Another objection to politically correct thinking about sex and gender is that it ignores all scientific research except that which favors its agenda. It has no intellectual integrity. It disregards all studies or anecdotal accounts -- as in the context of hormone therapy, for example -- that suggest biology partially determines gendered behavior, or even that psychological differences between females and males are to some degree preprogrammed. To take a random example, according to research by the scientist Heino Meyer-Bahlburg, women with congenital adrenal hyperplasia “as a group have a lower interest in getting married and performing the traditional childcare/housewife role. As children, they show an unusually low interest in engaging in maternal play with baby dolls, and their interest in caring for infants, the frequency of daydreams or fantasies of pregnancy and motherhood, or the expressed wish of experiencing pregnancy and having children of their own appear to be relatively low in all age groups.” A staggering amount of research, reported in popular science books you can easily find on Amazon, confirms the mind is not a "blank slate," that gender is (at least to some limited degree) programmed into the brain at the earliest stages of life. But somehow, left-wing intellectuals are able to ignore this mass of data and to condemn any mention of it as "sexist" or "misogynistic."


Now, it's true that, in political contexts, publicly insisting on psychological differences between men and women might lend support to the values and policy goals of social conservatives and misogynists. So in such contexts, it makes moral sense to adopt the feminist position that "everything is a social construction." But if your goal is to actually understand the nature of humans, you have to know that that slogan is inaccurate.
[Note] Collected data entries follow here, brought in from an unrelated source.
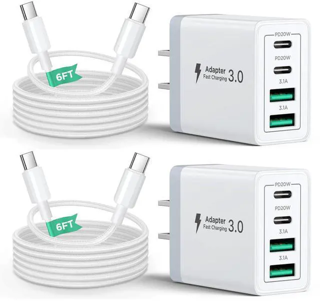 40W USB C Charger Block, 2Pack 4-Ports Type C Fast Phone Charging Cube with 6FT USBC to USBC Cord, Multiport Wall Plug Power Brick Box Compatible with iPhone, Samsung, iPad Pro, Cellphones Charger
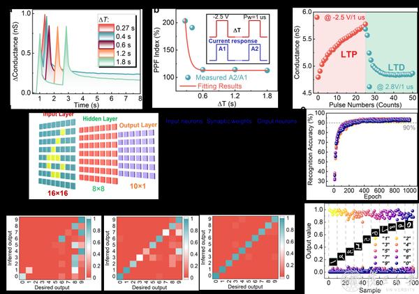 该研究采用与CMOS工艺兼容的新兴反铁电纳米材料研制了一种新原理人工突触/神经元器件。基于对称电极配置研究了不同脉冲刺激下的积分-放电-漏电 (LIF) 神经元行为特性,显示出 1.36 fJ/spike 的低发射能耗。通过引入非对称电极形成偏置电场,极化滞回特性发生偏移,形成两个可辨别的极化/电阻状态。成功实现了包括成对脉冲促进 (PPF) 和长期增强/抑制 (LTP/LTD) 在内的突触行为,功耗低至 245 aJ/spike。基于构建的人工神经网络 (ANN) 系统成功展示了手写数字识别能力,识别率高于90%。
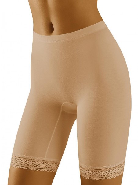 Slip bermuda ajusté pour protéger la peau contre les irritations ou les frottements. Façonner légèrement le corps. Jambes accentuées par une délicate dentelle. Composition : 95% micromodal, 5% élasthanne.
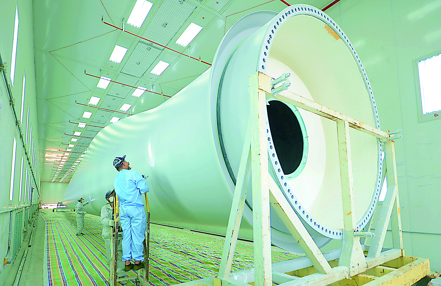 后处理车间的工人在油漆后检查叶片质量。一点小小的瑕疵也逃不过他们的火眼金睛。
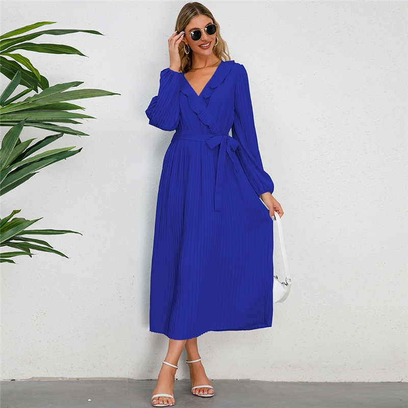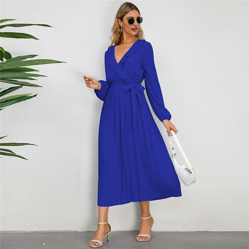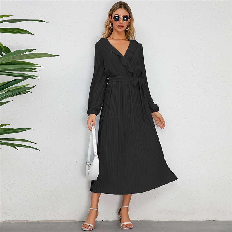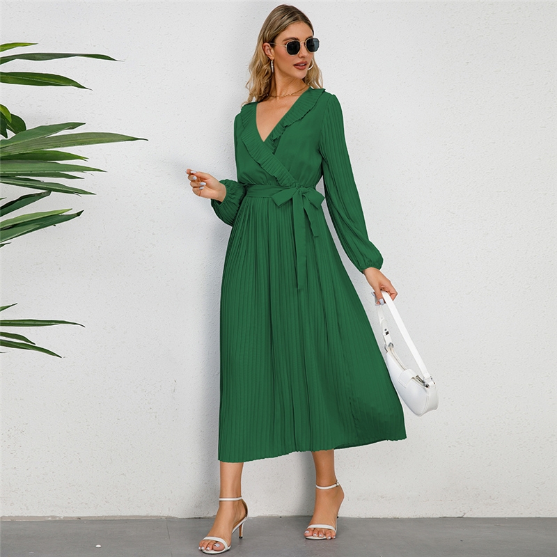 Solid Color Ruffled V-Neck Long-Sleeved Dress
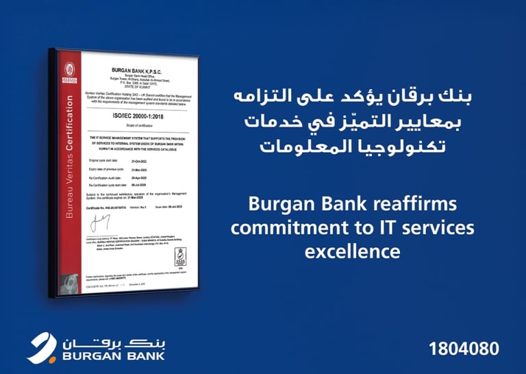 أعلن بنك برقان عن حصوله على تجديد لشهادة الآيزو ISO/IEC 20000-1:2018 الخاصة بنظام إدارة خدمات تكنولوجيا المعلومات. ويأتي هذا الإنجاز تأكيداً لنجاح مسيرة التحول الرقمي المستمرة التي ينتهجها البنك، ويعكس متانة بنيته التحتية الرقمية وتوافقها مع أعلى المعايير العالمية المعتمدة في هذا المجال.
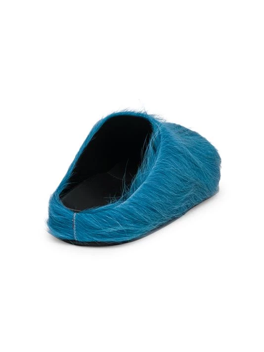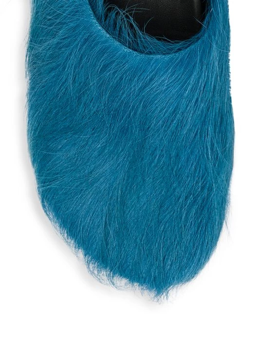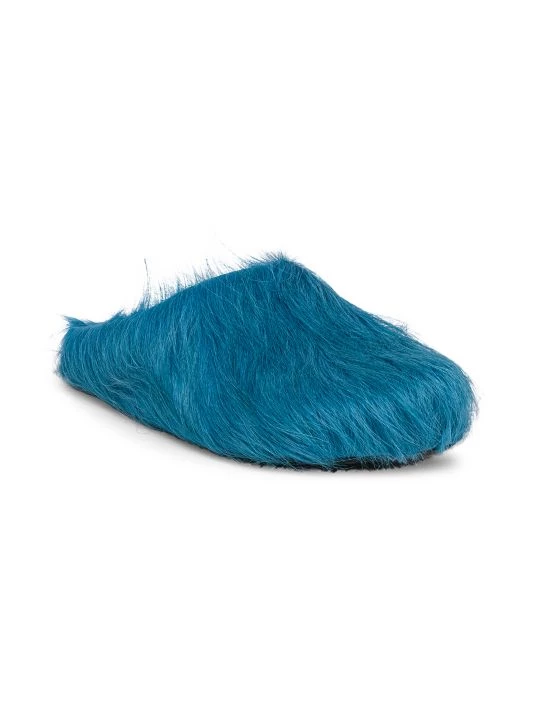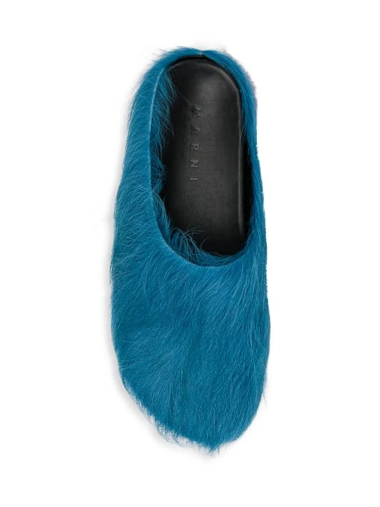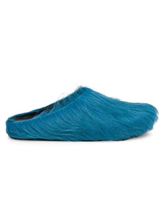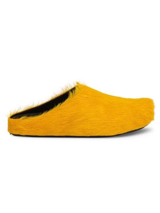These eclectic slides by Marni are adorned with vibrant calf hair.
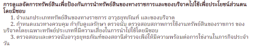 1.1 ตรวจสอบและตรวจนับอาวุธยุทธภัณฑ์ของสถานีตำรวจเพื่อให้มีความพร้อมต่อการใช้งานในภารกิจประจำวัน
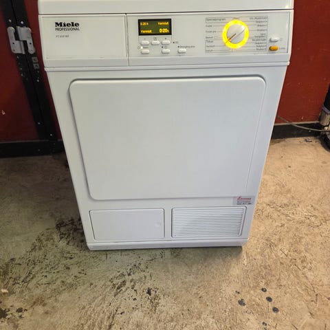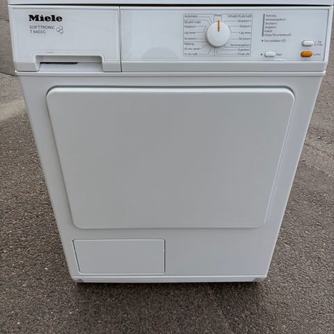 Miele frånluftstumlare T 354 i vitt med enkel panel och vred för programval. Trumman är i rostfritt och luckan öppnas åt vänster med rejält handtag.
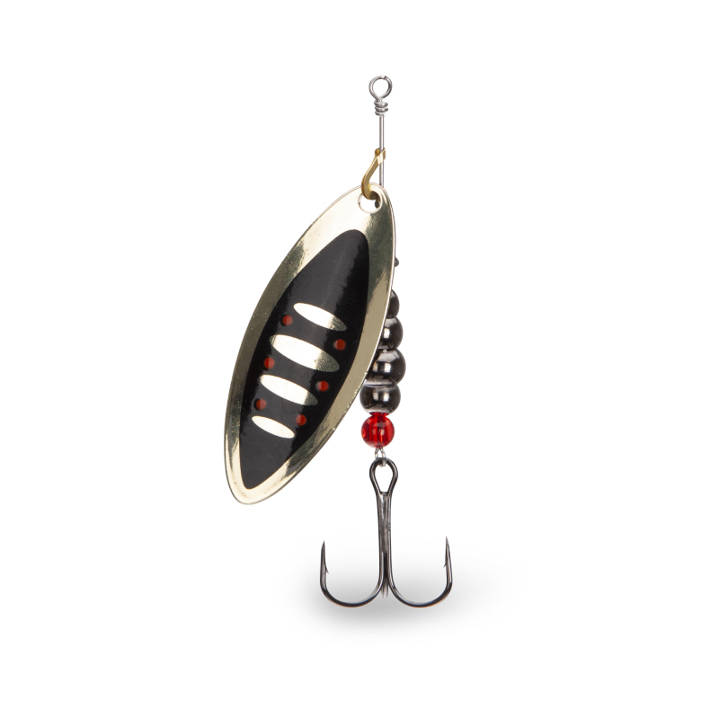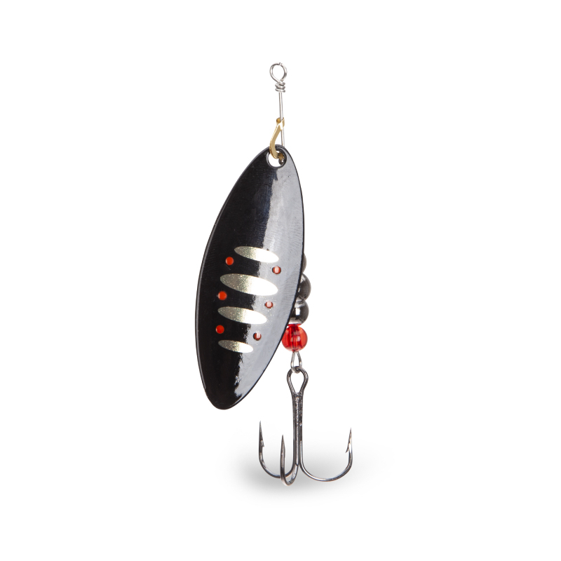 Klasická rotační třpytka s podlouhlým listem. Je vyrobena z kvalitního materiálu a doplněna kvalitními komponenty. Je osazena háčky Mustad. Lopatka má z každé strany jiný design.
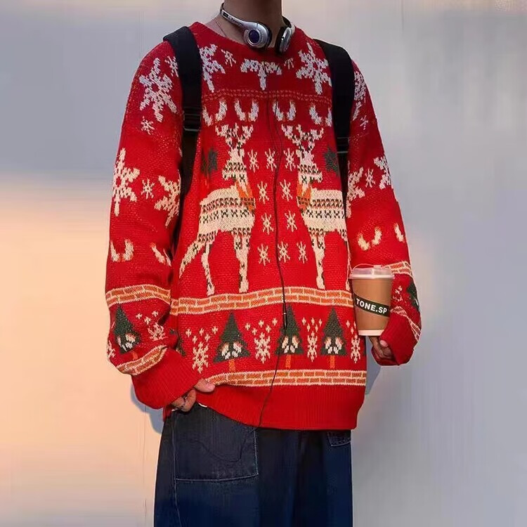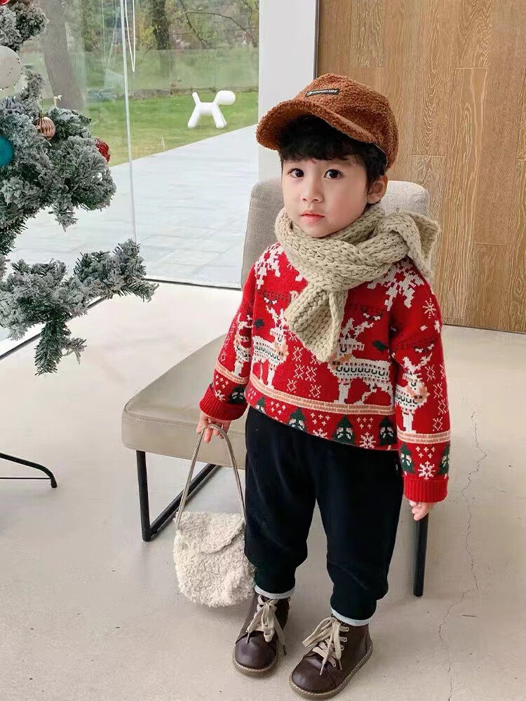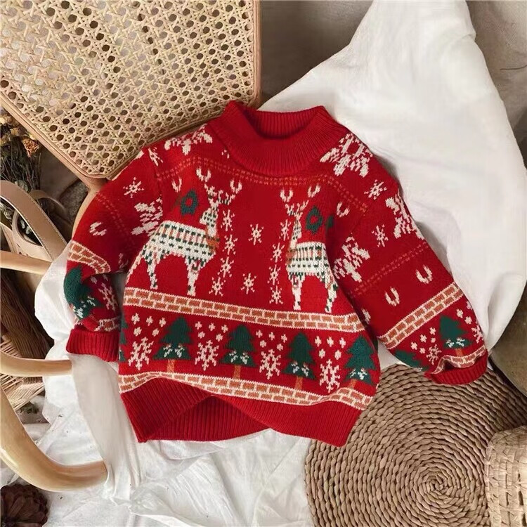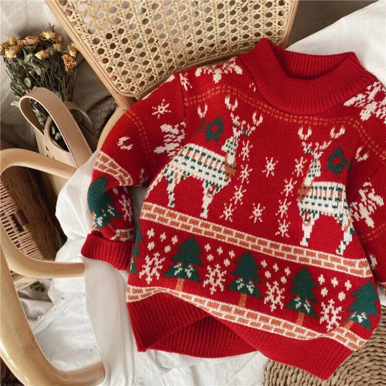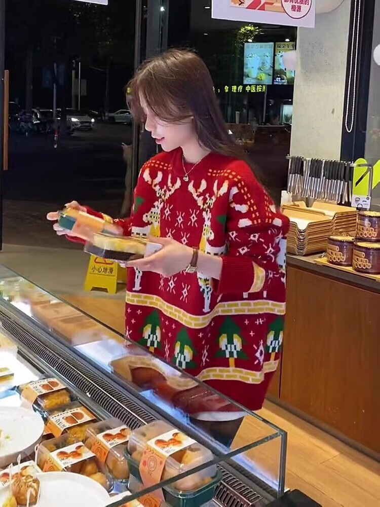 WONST Christmas parent-child wear autumn and winter red sweater 2025 new family of three or four mother and daughter sweater jacket red (elk) 100 adults M (100-120 Jin Jin equals 0.5 kg)
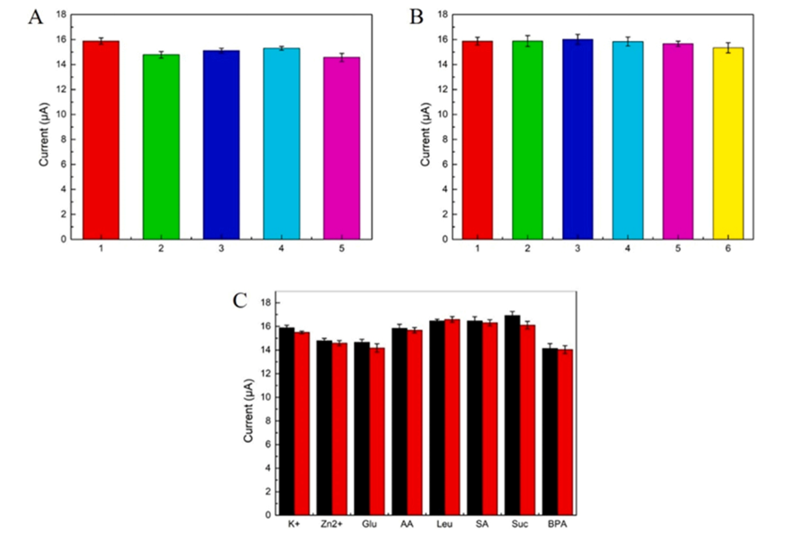 圖6. (A) 5個(gè)電極在相同條件下的重復(fù)性研究。(B)相同條件下六種平行測(cè)定方法的穩(wěn)定性研究。(C)一些可能的干擾物質(zhì)對(duì)PBS溶液中5μm DA測(cè)定的影響。
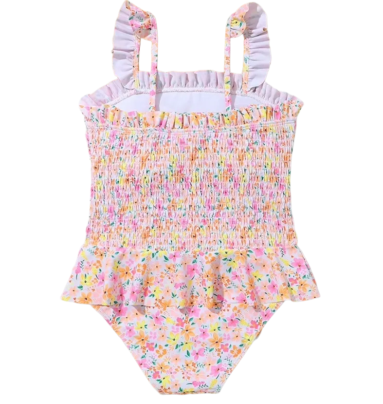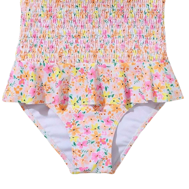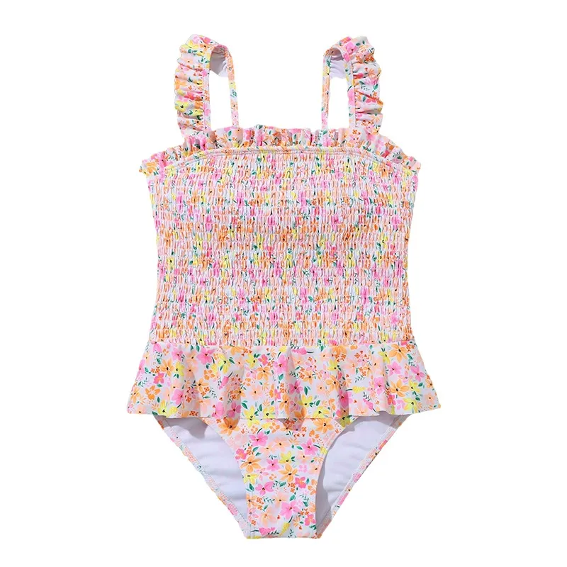 Custom Girls Floral Print Ruffle Strap Smocking One-Piece Bathing Suit Swimsuit
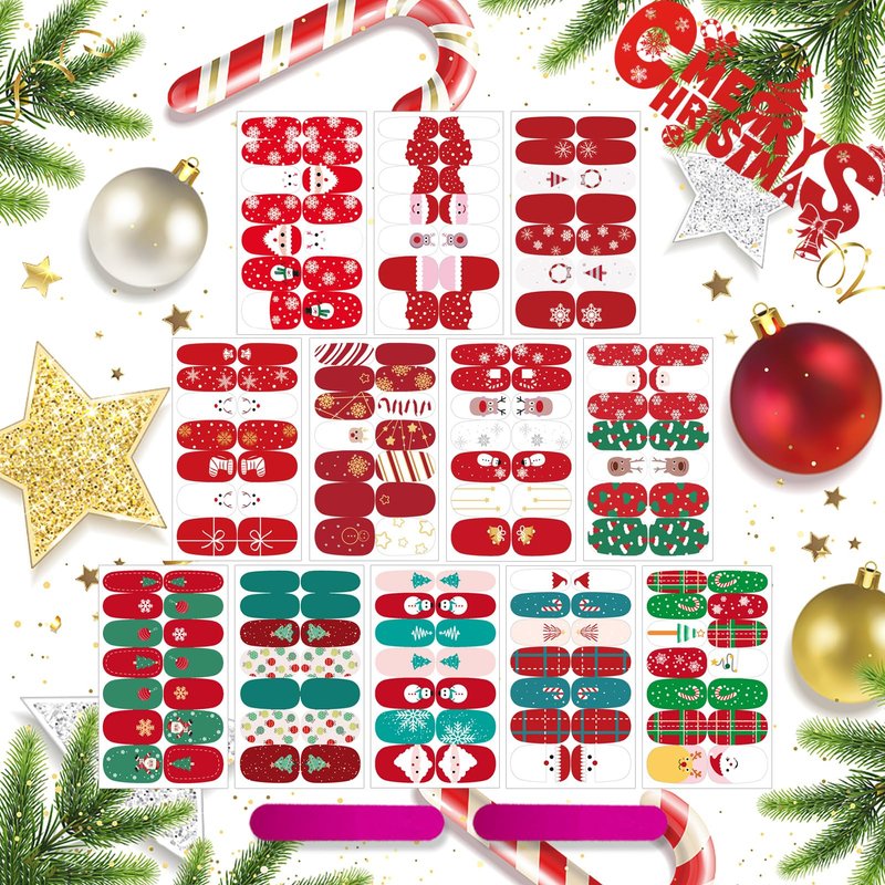 - Christmas Value Pack: You will get 12 sheets Xmas full wraps nail art sticker and 2 piece nail files, rich colors and classic patterns, such as Santa Claus, Christmas tree, snowflake, snowman, reindeer etc. which can offer you multiple choices, satisfy your rich imagination of nail DIY and create your own Christmas.
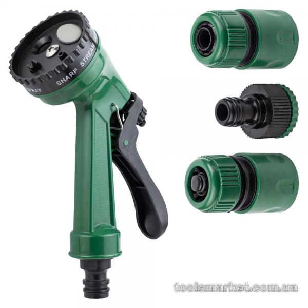Набір для поливу пістолет-розпилювач 4-х режимний 2 конектора + адаптер на шланг 3/4" GRAD (5012585)
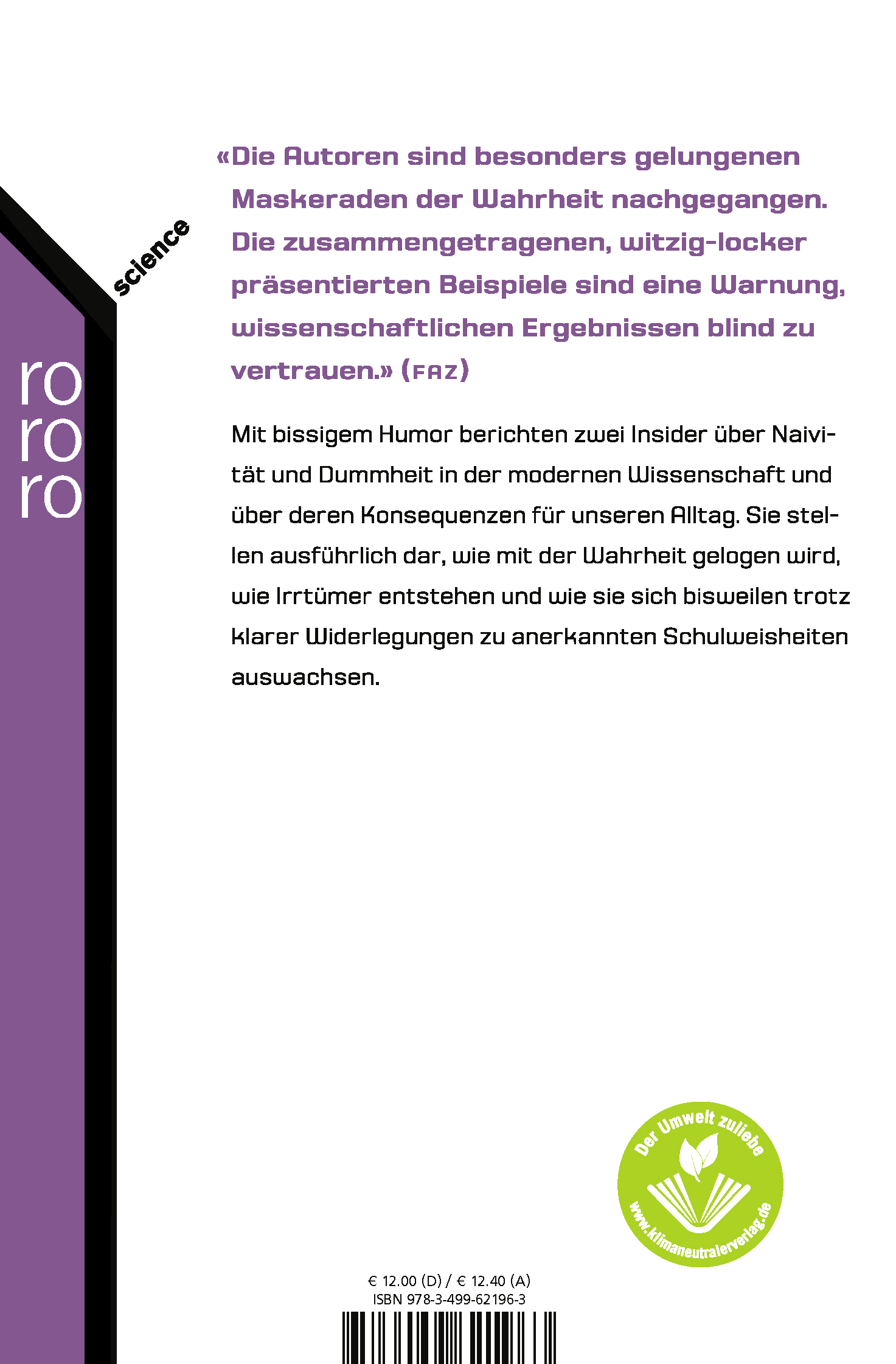 Mit bissigem Humor berichten zwei Insider über Naivität und Dummheit in der modernen Wissenschaft und über deren Konsequenzen für unseren Alltag. Sie stellen ausführlich dar, wie mit der Wahrheit gelogen wird, wie Irrtümer entstehen und wie sie sich bisweilen trotz klarer Widerlegungen zu anerkannten Schulweisheiten auswachsen.
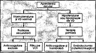 FIGURA 261-2 Tratamentul TEP acut: aprecierea riscului. VD, ventricul drept, VCI, vena cava inferioara. |
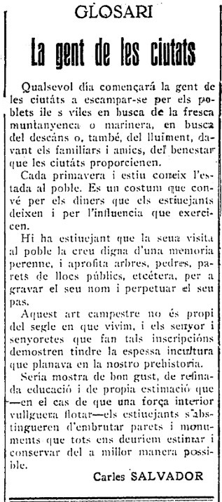 El poeta y gramático Carles Salvador colabora de forma habitual con los medios de comunicación castellonenses en los años 20 del siglo XX. En este breve artículo publicado por el Diario de la Mañana a finales de abril de 1929, dirige una crítica acerada a algunos veraneantes de las ciudades que suelen grabar sus nombres en piedras, árboles o paredes de espacios públicos, al creer digna su visita de una memoria «perenne». «Aquest art campestre no és propi del segle que vivim», concluye, pidiendo a los capitalinos que apliquen el autocontrol como muestra «de bon gust, de refinada educació i de pròpia estimació».

It's also true, by the way, that feminist complaints about "mansplaining" and "manspreading" and other forms of obnoxious male behavior are quite justified. Such behavior annoys many men as well. Personally, I find stereotypically "dominant" males to be, in most cases, buffoonish and irritating. And I hate the fact that people take such men seriously -- and also that, more generally, nature has inscribed relative male dominance, on average, into the nature of things (again, excluding political and economic relations, which are another matter). It's similarly absurd that tall people exude more dominance (ceteris paribus) than short people, and that charismatic people are more well-liked than uncharismatic people, etc. Nature isn't exactly moral.


Anyway, despite what many feminists, queer theorists, and their allies might think, the study of sexuality and gender doesn't require great intelligence or intellectual pyrotechnics. It only requires a modicum of honesty and perceptiveness. On this page and this page I go into more depth on matters of sex and feminism than I have here, and those two pages alone have more intellectual content than, say, all of Judith Butler's writings. (Camille Paglia's dismissive attitude towards Judith Butler and poststructuralism in general is exactly right. Most of it is comically pretentious "gobbledygook" that doesn't advance understanding, as science does. It's ideological, not intellectually honest.) I wouldn't say there is no value at all in postmodern writings on gender and sexuality, but, again, I do think they tend towards obscurantism and shallowness.


It's sad (though understandable, in our political culture) that people always think you have an "agenda." That if you say something like 'women are attracted to male dominance,' it's only to further your agenda of denigrating and oppressing women. My only agenda is to understand the world, and I'm willing to state unpopular truths in the attempt.